In many ways, we’re all guilty of this. We’ve become so reliant on our phones simply because they do so much, they offer so many benefits, so many different features to make our lives easier. When asked at a meeting, or a conference, to switch off, how many of us just set them to silent? We’ve become so worried that we’ll miss something, a call, a message, an email. Of course, its ridiculous when we think about it. Many of us got through whole decades without this technology, yet its become such a part of us, of our daily life, we’ve become programmed to react and interact with it on a minute by minute basis. We know all of this. But it makes very little difference. If we don’t receive a notification for a few minutes, we wonder why, so we check the screen. We carry on regardless, placing our smartphone next to our plate when we’re out for dinner.

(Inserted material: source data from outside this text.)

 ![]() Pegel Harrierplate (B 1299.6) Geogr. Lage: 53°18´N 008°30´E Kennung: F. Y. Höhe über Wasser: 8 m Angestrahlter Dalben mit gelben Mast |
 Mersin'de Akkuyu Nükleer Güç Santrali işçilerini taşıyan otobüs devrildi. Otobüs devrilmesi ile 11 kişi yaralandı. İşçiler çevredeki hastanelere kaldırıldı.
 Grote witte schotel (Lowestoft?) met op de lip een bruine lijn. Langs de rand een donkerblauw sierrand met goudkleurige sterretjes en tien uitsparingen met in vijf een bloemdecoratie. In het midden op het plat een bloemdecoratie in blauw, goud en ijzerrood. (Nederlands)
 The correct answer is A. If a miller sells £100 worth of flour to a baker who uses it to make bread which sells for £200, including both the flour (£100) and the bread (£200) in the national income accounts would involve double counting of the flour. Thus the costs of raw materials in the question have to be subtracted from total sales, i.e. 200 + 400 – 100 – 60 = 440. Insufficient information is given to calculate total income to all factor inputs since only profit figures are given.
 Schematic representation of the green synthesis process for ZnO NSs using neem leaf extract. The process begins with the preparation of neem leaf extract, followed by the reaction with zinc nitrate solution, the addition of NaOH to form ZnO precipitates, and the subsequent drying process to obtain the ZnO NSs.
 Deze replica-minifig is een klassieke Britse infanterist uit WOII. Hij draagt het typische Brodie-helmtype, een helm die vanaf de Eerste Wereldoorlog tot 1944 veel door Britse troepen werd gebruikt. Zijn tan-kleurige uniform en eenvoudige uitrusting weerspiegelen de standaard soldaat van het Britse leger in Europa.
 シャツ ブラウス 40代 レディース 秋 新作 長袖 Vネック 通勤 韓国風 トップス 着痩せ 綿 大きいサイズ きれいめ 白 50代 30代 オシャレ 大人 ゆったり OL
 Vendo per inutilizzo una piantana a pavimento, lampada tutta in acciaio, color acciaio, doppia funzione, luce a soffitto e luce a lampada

Knife, fork, salt, pepper, phone…. right?
So, we get the point. We understand his point about our reliance, our dependence on tech. And there’s an unspoken agreement that we’ll just carry on behaving as we do.
But…
There’s always a but. Maybe there's another way of looking at this. Simon Sinek is in his mid forties. He remembers a world before the internet, his parents never owned a mobile phone, there was no computer in the family home. He grew up and went to school before the internet was so universally accessible. Many of us remember that same world. A world where the only handheld communications device we were aware of belonged to Captain Kirk on Star Trek! Somehow, we managed to scrape through those dark pre-internet days, we grew up, and we had children. We gave the world the Millennials that Simon Sinek speaks of.
Obviously, this generation have grown with the technology. Its how they communicate, how they entertain themselves. They use it in work and play, and they’re able, more able than any generation, in fact, to reap the rich benefits of the world that surrounds them, thanks to that technology. It has informed and influenced their lives since the day they were born, and it always will. Actually, further to that, its influence is still very much growing. We are already seeing the next generation of technological development in VR, AR, and wearable tech.
So surely it would make far more sense for leaders and organisations to embrace this fact, to embrace and welcome the technology as it develops. As millennials have entered the workplace over the past few years, they’ve brought with them their understanding and appreciation of the power of the tech. They not only understand it, they expect it. Their relationship with technology is fundamental rather than supplementary. They want to work in an environment that, like them, relies on technology. A working environment that provides the answers they need via that technology, and that makes it accessible and relatable to them and their lives.
By embracing technology, recognising its importance to the new working generation, and harnessing its many benefits in areas such as Learning and Development, organisations are able to provide training solutions which are more easily accessed, more engaging with their audience, and with direct, measurable results.
Users of Wranx only need to engage with the platform for just a few minutes each day, leaving plenty of time for them to put the phone down for long enough to focus on building lasting, meaningful, and worthwhile human relationships!
And we feel sure that Simon Sinek would approve!